The tall boy with the easy grin in the back row motioned me over. I walked over to his desk, and his hand continued to beckon. He wanted me to crouch down so he could whisper me something.
"Okay, I've got a problem, and, I have a solution," he whispered, with a sense of urgency.
We were in the middle of our summer reading quiz. He seemed to have his speech memorized.
"I didn't really do my summer reading. See, what had happened was, I got the assignment late, and then I had a real busy summer, and, you see, I, uh, don't read that well, and I just couldn't read the books that fast." (Note: "what had happened was" is perhaps my favorite piece of Baltimore youth dialect.)
His eyes averted my gaze when he gave me that last fact.
I nodded, waiting for his "solution" to the problem. As a rule, I kind of hate the way we do 9th grade summer reading, at leat a bit. Before the 9th grade, I've never met these kids; I don't know what level they're at. I don't even know if they receive or understand the assignment. I definitely want the kids reading in the summer, but hate many aspects of how we bring that goal about where I teach. I wish our 9th grade summer reading assignment were one long book the kids have to read (this year, it was three, two for English and one for Humanities), and wish we had a departmental policy about students who don't receive the assignment. I get resistance with both of these motions.
Ironically, I kind of find myself in charge of summer reading for my department, mostly because no one else seems to want to do it. See, I do like the idea of summer reading, and like what I hear other schools doing. And I love studying the Summer Reading table at Barnes & Noble. With this in mind, I do my best to make the task as palatable as I can for the kids within the system under which I teach. I have integrated choice into the summer reading novels, so now students at least get to choose much of what they read from a list. I have de-emphasized their importance during the school year, so kids don't automatically fail if they haven't read the books. I have, at least in my own classroom, brought some sort of flexibility in terms of late additions or derilect parents who don't go to spring orientation and don't make their kids go to Summer Bridge. Not the kid's fault, so I try not to make it irrevocably hurt them. One they are under my care at the school, I can hold them accountable for things they do not do, regardless of parental involvement (obviously some will have to work much harder because their parents are completely uninvolved, and I tell them that - that they must work harder), but find it very hard, and a bit immoral, to hold them accountable for summer work if they never receive it.

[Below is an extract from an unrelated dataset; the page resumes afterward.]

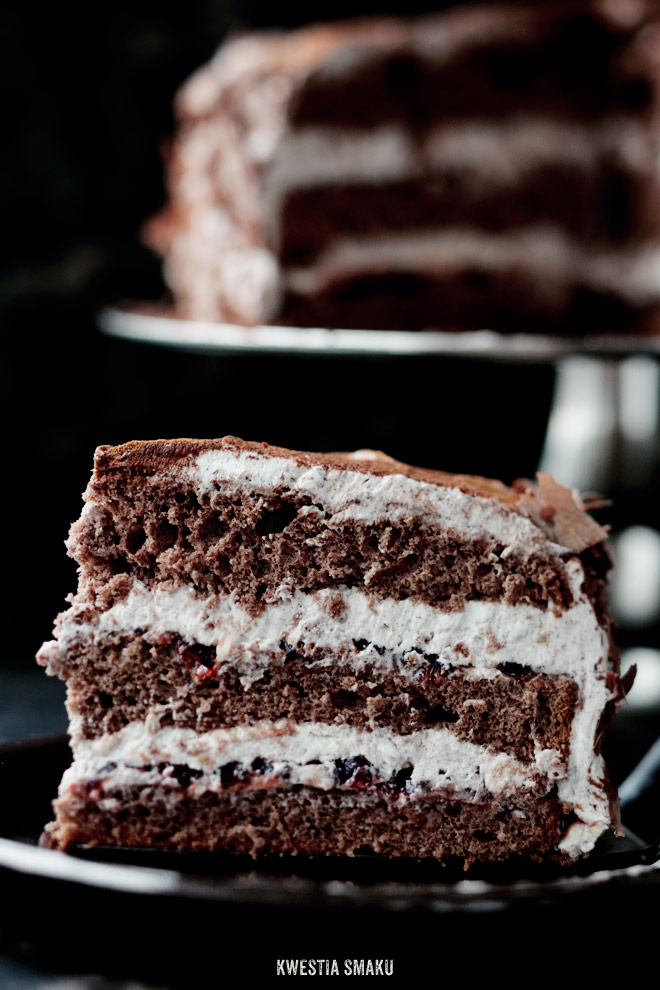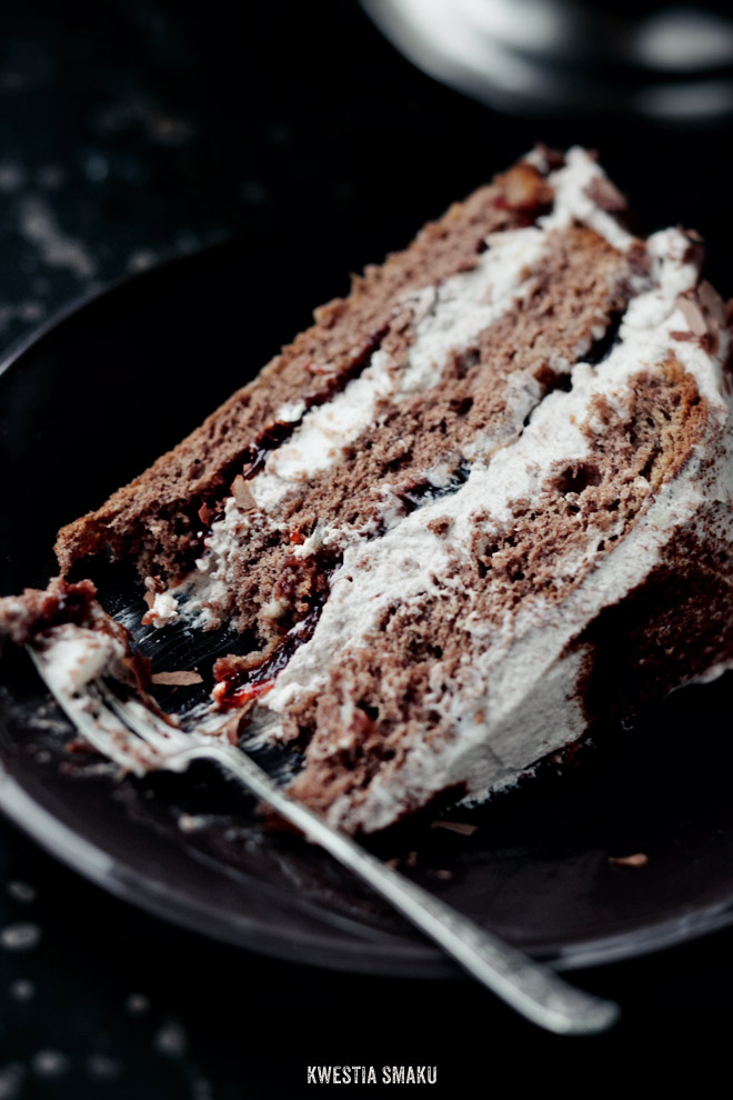 Dolny krążek biszkoptu położyć na paterze, skropić 1/3 ilości nasączenia (kilkanaście łyżeczek soku), posmarować połową powideł z likierem i wyłożyć 1/3 masy z mascarpone. Położyć drugi krążek, skropić 1/3 ilości nasączenia, posmarować resztą powideł i wyłożyć 1/3 masy. Przykryć ostatnim, górnym krążkiem, skropić go resztą nasączenia. Wierzch i boki pokryć ostatnią częścią masy.

I've never been totally successful with making summer reading a totally educational sound entity at my school, but like a lot of the direction that it's heading. Basically, I want the kids reading and thinking over the summer. This year's participation is much better than last year's, so that's progress.
Anyhow, I looked down at the kid, waiting for his solution.
He had waited for the first part of his memorized speech to sink in.
"So, my solution, is that I'm going to work really hard this year, and make sure this never happens again. I'll make up these points by working ahead and doing any extra credit. And I promise you I'll always have my reading done from here on out."
I've never heard a better solution. He'll be a little behind after failing the little summer reading quizzes, but we start Fences on Wednesday and I'm sure he'll be into that.